Why expand up to $f^{\prime \prime }$ and not directly use the $O(h)$ notation? Same answer as above: We need the term so that we can cancel it out!

Part (b) - Numerical Approximations

For $f(x)=x^{-1}$ at $x=1$ with $h=1/2$:

• $f(1)=1$
• $f(3/2)=2/3$
• $f(1/2)=2$

Exact derivative: $f^{\prime }(x)=-x^{-2}$, so $f^{\prime }(1)=-1$

Forward difference quotient:

$$f^{\prime }(1)\approx \frac{f(3/2)-f(1)}{1/2}=-\frac{2}{3}$$

Romberg scheme from (a):

$$f^{\prime }(1)\approx \frac{-3f(1)+4f(5/4)-f(3/2)}{1/2}=-\frac{14}{15}$$

Central difference quotient:

$$f^{\prime }(1)\approx \frac{f(3/2)-f(1/2)}{2\cdot 1/2}=-\frac{4}{3}$$

Comparison with exact value $f^{\prime }(1)=-1$:

• Forward difference: $-2/3$ (error = $1/3$)
• Romberg scheme: $-14/15$ (error = $1/15$)
• Central difference: $-4/3$ (error = $1/3$)

The Romberg scheme provides the best approximation, as expected from its higher convergence order.

Task 4 (Nonlinear Equations)

Note: Newton’s method formulas are available in the formulary.

Part a) Derive Newton’s method from Taylor expansion (1 point)

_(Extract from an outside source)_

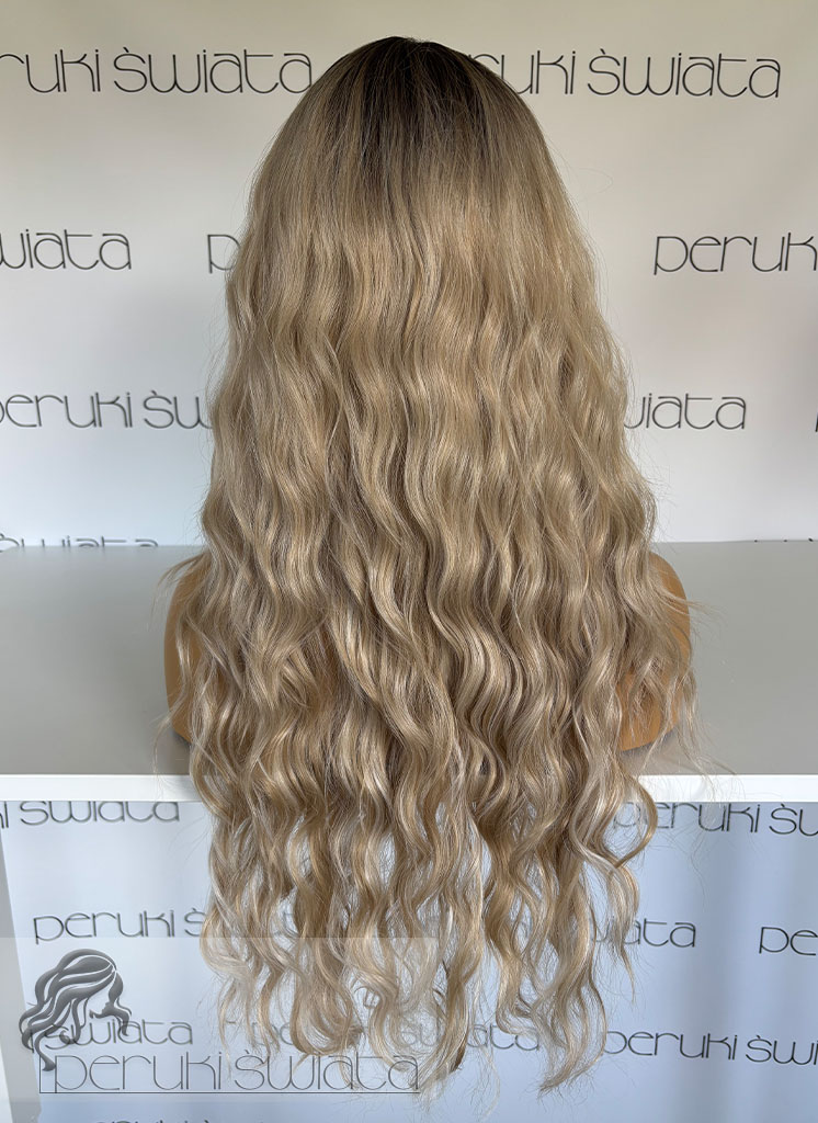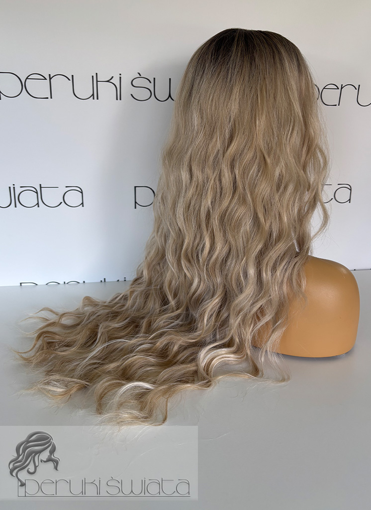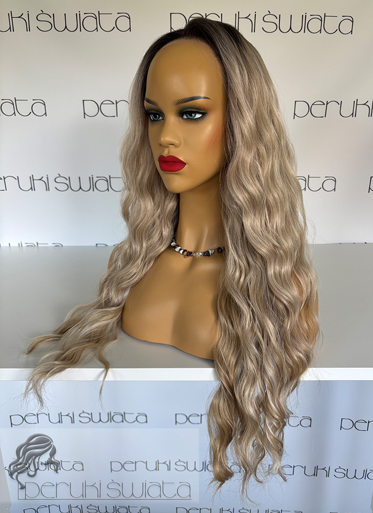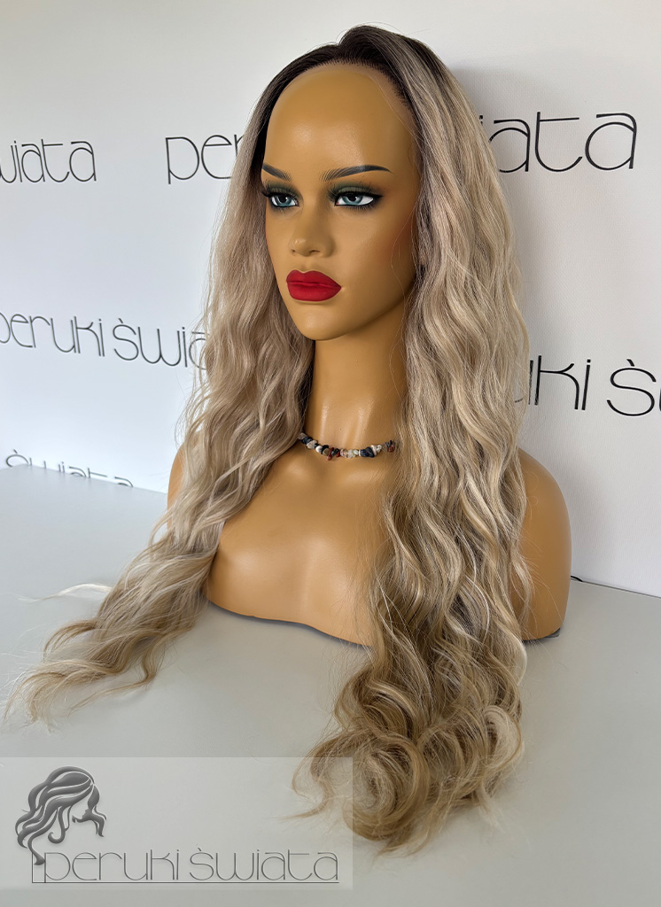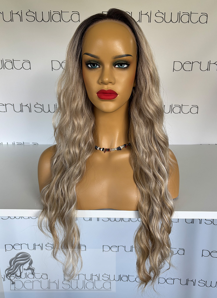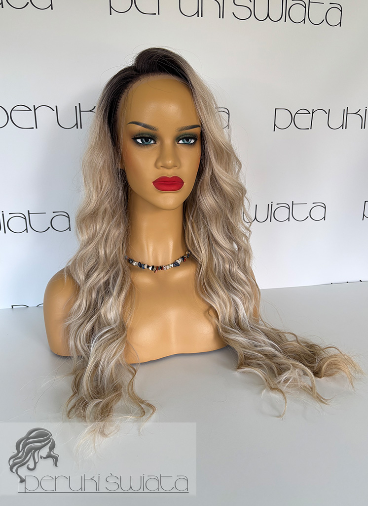 Peruka syntetyczna, kanekalon termoplastyczny, fale, kolor: mix biały blond i piaskowy blond na odroście w kolorze popielatego brązu (24B/613A/6A)

Taylor expansion of $f(x)$ around point $x_k$:

$$f(x)=f(x_k)+f^{\prime }(x_k)(x-x_k)+O((x-x_k{)}^2)$$ $$f(x)\approx f(x_k)+f^{\prime }(x_k)(x-x_k)$$

To find the zero, we set this linear approximation equal to zero:

$$0=f(x_k)+f^{\prime }(x_k)(x-x_k)$$

Solving for $x$ gives us the next iterate:

$$x=x_k-\frac{f(x_k)}{f^{\prime }(x_k)}$$

Therefore, Newton’s method is:

$$\boxed{x_{k+1}=x_k-\frac{f(x_k)}{f^{\prime }(x_k)}}$$

Part b) Calculate two Newton steps (2 points)

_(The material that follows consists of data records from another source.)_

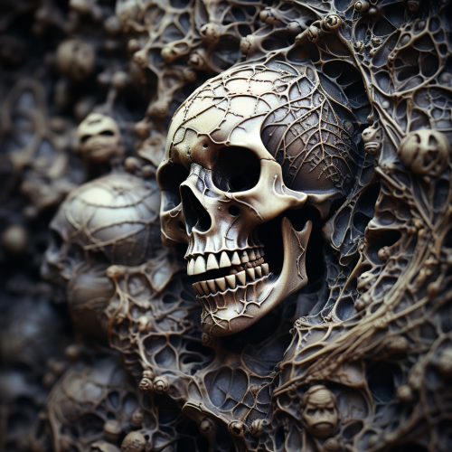 **a formless texture covering the page made of bone and skin. There should be no image, just a texture. Bones and skin intertwining with eachother, maximum resolution, extreme detail, the entire page should be a texture --no skull --no skeleton --s 750
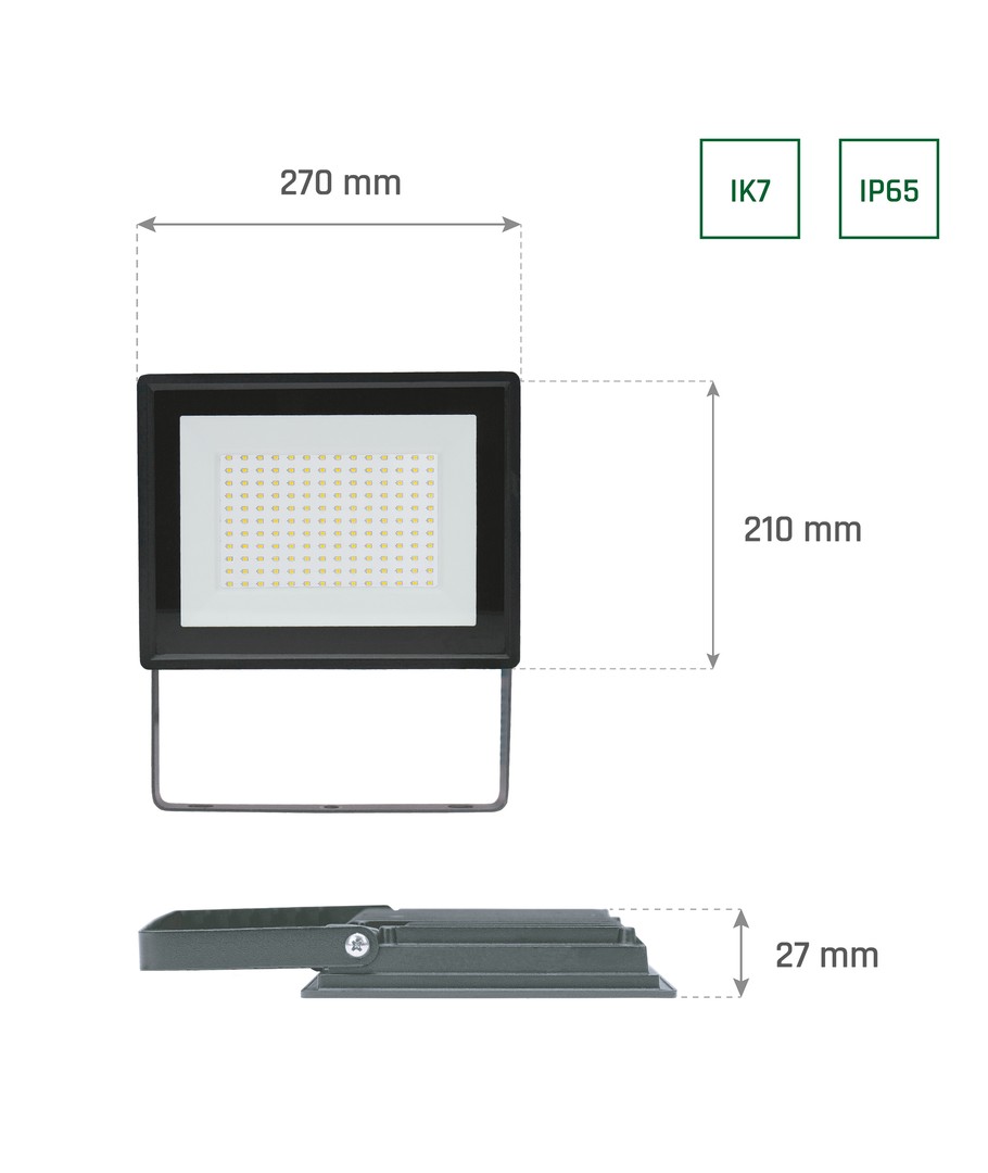Den slanke og kompakte designen, med mål på 270 x 27 x 210 mm, gjør det enkelt å plassere lyskasteren akkurat der du trenger den. Laget med en robust konstruksjon, har den en IP65 beskyttelsesgrad som sikrer motstandsdyktighet mot vannsprut og regn, og gjør den ideell for utendørs bruk.
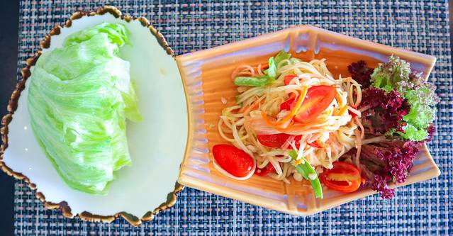 普吉岛木瓜沙拉,夹起木瓜丝放在生菜上一口放进嘴里木瓜和蔬菜的清新在嘴里散开;
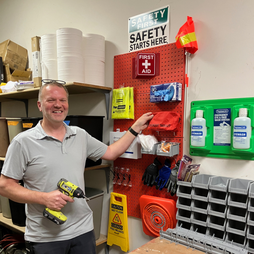 Facilities staff member, James Clarke, has prepared a safety corner for volunteers in the workshop. It includes an eye wash station, first aid kit, safety goggles, gloves, and electrical safety equipment.
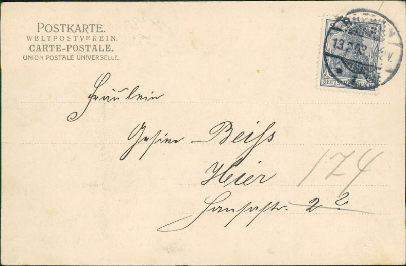 Alte Ansichtskarte aus Bremen, gelaufen am 13.02.1903 von Bremen nach Bremen.

For $f(x)=\frac{1}{4}{x}^2$, we have $f^{\prime }(x)=\frac{1}{2}x$ Starting from $x_0=4$:

$$x_1=x_0-\frac{f(x_0)}{f^{\prime }(x_0)}=2$$ $$x_2=x_1-\frac{f(x_1)}{f^{\prime }(x_1)}=1$$

Explanation: Newton’s method approximates $f$ by its tangent line at each iteration and finds where the tangent intersects the $x-$axis. Sketch should show parabola $f(x)=\frac{1}{4}{x}^2$, starting point $(4,4)$, tangent line at $x=4$ intersecting $x-$axis at $x=2$, then tangent at $x=2$ intersecting at $x=1$

Part c) Connection to Banach iteration and convergence order (2 points)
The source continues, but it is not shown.